Prédication

Prédication

Texte: Jérémie 1, 4-10

Jésus-Christ seul

Vous voilà dans une journée qui est déjà un aboutissement: elle a été préparée; mais dans une journée qui est aussi un point de départ, il y aura des relances et des projets, peut-être des réalisations futures. Et pour bien cibler le travail d'une telle journée, je l'ai dis aux préparateurs de cette journée mercredi, nous ne sommes pas ici pour nous lancer au sauvetage de la paroisse, mais nous sommes ici pour servir Jésus-Christ.

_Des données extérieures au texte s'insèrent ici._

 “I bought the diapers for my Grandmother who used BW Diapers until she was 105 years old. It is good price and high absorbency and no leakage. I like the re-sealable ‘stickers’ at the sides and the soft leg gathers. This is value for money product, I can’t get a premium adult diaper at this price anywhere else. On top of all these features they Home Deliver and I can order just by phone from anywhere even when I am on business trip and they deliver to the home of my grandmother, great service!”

En fait, chaque fois (et Jésus le dit ailleurs) que nous voulons nous sauver nous-mêmes, nous nous perdons. Mais quand nous livrons nos vies au service de Jésus-Christ complètement, alors nous nous trouvons et nous vivons. C'est donc en servant Jésus-Christ tout au long de cette journée, que vous verrez l'Église s'épanouir. Et ce que j'en dis là est dans le parallèle direct avec la relation qui se révèle entre Jérémie et Dieu dans tout ce livre du prophète Jérémie, la perspective du service du prophète n'est pas autre chose servir le Dieu vivant va devenir pour lui une sorte d'intimité de tous les jours avec son Dieu, une intimité coûteuse, mais une intimité lumineuse.

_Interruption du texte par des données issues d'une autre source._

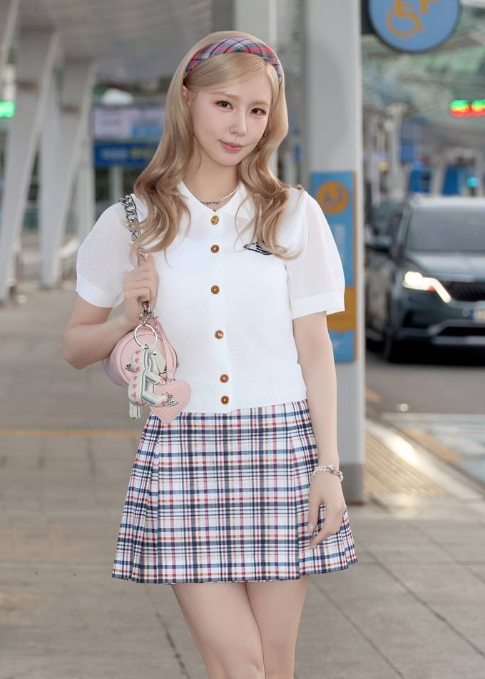 그룹 아이들(i-dle) 미연이 걸리시한 스쿨룩으로 공항을 사로잡았다.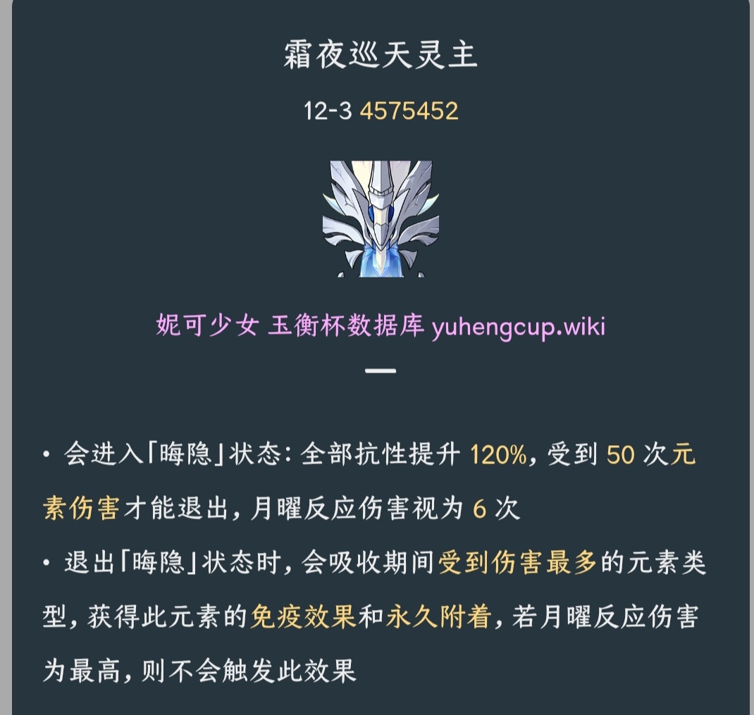 特性:晦隐状态全抗130%,受50次元素伤害后退出(月曜反应1次计6次);退出后免疫吸收最多的元素(月曜反应不触发)。

En face, les alliances et les sauvegardes que le roi de Jérusalem essaye de mettre en place ne sont qu'illusions. L'alliance militaire avec l'Egypte n'est qu'illusion; la sauvegarde des privilèges des castes qui règnent à Jérusalem, la cour du roi et le Temple, ne sont qu'illusions eux aussi. Il faut donc que nous entendions ce matin que ces travaux engagés doivent être ciblés correctement: nous n'avons qu'une seule ligne: servir Jésus-Christ. Mais j'ajoute aussitôt, que cela suppose dans nos esprits et dans nos cœurs, une conversion ou une reconversion. Servir Dieu, ce n'est pas s'en servir et ce n'est pas non plus se servir. C'est dans nos têtes que nous avons besoin d'arracher et de détruire, et c'est dans nos têtes que nous avons besoin de planter et de rebâtir.

Surtout ne manquez pas d'air
Je vais ici m'attacher au destin du livre de Jérémie. Ce livre est étrange.
Quand on s'attache à le travailler, on s'aperçoit que c'est un livre complètement recomposé - et voici l'image que j'aime livrer -. Imaginez que vous ayez un livre dont la reliure ait été arrachée, les pages sont parties dans le vent, se sont envolées, vous les avez ramassées pêle-mêle mais vous n'avez pas les numéros des pages. Alors il faut essayer de refaire ce livre et de retrouver les logiques qui ont présidées à sa rédaction. Et je vais me resservir de cette recomposition du livre de Jérémie comme d'une parabole. Parce que la vie paroissiale est une espèce de livre. Tout ce qui la compose est une espèce de composition du livre et cela m'amène à poser une question: allez-vous à votre tour faire la lecture de votre vie paroissiale pour la recomposer? Etes-vous bien sûr que la vie paroissiale que vous connaissez telle qu'elle est, soit bien dans l'ordre? Etes-vous bien sûr d'avoir placé les priorités, telles qu'elles sont livrées par le message de la Parole de Dieu et par la volonté de Dieu? Peut-être en fin de journée, peut-être dans les temps qui viennent, devrez-vous découvrir de nouvelles priorités qui n'étaient pas celles auxquelles vous songiez.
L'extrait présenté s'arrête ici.